● DATASET EXCERPT:
——
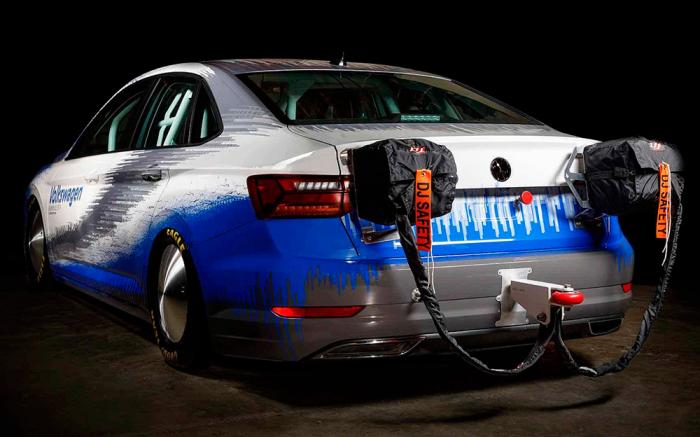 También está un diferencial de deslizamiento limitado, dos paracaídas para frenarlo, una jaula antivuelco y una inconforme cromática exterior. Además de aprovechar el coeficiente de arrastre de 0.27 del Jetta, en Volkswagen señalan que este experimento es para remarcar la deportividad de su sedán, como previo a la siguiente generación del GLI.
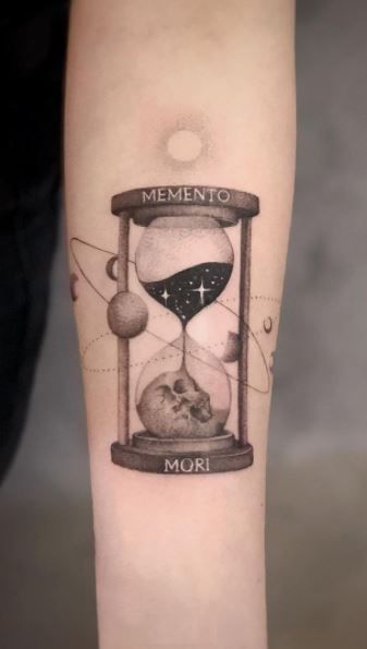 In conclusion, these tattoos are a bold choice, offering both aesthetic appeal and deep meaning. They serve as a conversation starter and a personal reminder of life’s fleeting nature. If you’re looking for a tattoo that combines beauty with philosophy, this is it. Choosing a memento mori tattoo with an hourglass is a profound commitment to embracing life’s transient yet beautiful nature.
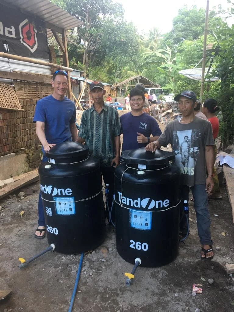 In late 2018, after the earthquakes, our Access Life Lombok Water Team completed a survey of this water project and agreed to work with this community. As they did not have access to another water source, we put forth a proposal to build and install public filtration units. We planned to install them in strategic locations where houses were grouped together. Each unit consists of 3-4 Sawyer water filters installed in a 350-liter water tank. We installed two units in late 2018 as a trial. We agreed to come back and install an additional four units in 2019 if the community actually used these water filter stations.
——
● WHAT THE TASK ASKS:
Please give back every line above exactly as it stands, without pictures.

● YOUR RESPONSE:
 También está un diferencial de deslizamiento limitado, dos paracaídas para frenarlo, una jaula antivuelco y una inconforme cromática exterior. Además de aprovechar el coeficiente de arrastre de 0.27 del Jetta, en Volkswagen señalan que este experimento es para remarcar la deportividad de su sedán, como previo a la siguiente generación del GLI.
 In conclusion, these tattoos are a bold choice, offering both aesthetic appeal and deep meaning. They serve as a conversation starter and a personal reminder of life’s fleeting nature. If you’re looking for a tattoo that combines beauty with philosophy, this is it. Choosing a memento mori tattoo with an hourglass is a profound commitment to embracing life’s transient yet beautiful nature.
 In late 2018, after the earthquakes, our Access Life Lombok Water Team completed a survey of this water project and agreed to work with this community. As they did not have access to another water source, we put forth a proposal to build and install public filtration units. We planned to install them in strategic locations where houses were grouped together. Each unit consists of 3-4 Sawyer water filters installed in a 350-liter water tank. We installed two units in late 2018 as a trial. We agreed to come back and install an additional four units in 2019 if the community actually used these water filter stations.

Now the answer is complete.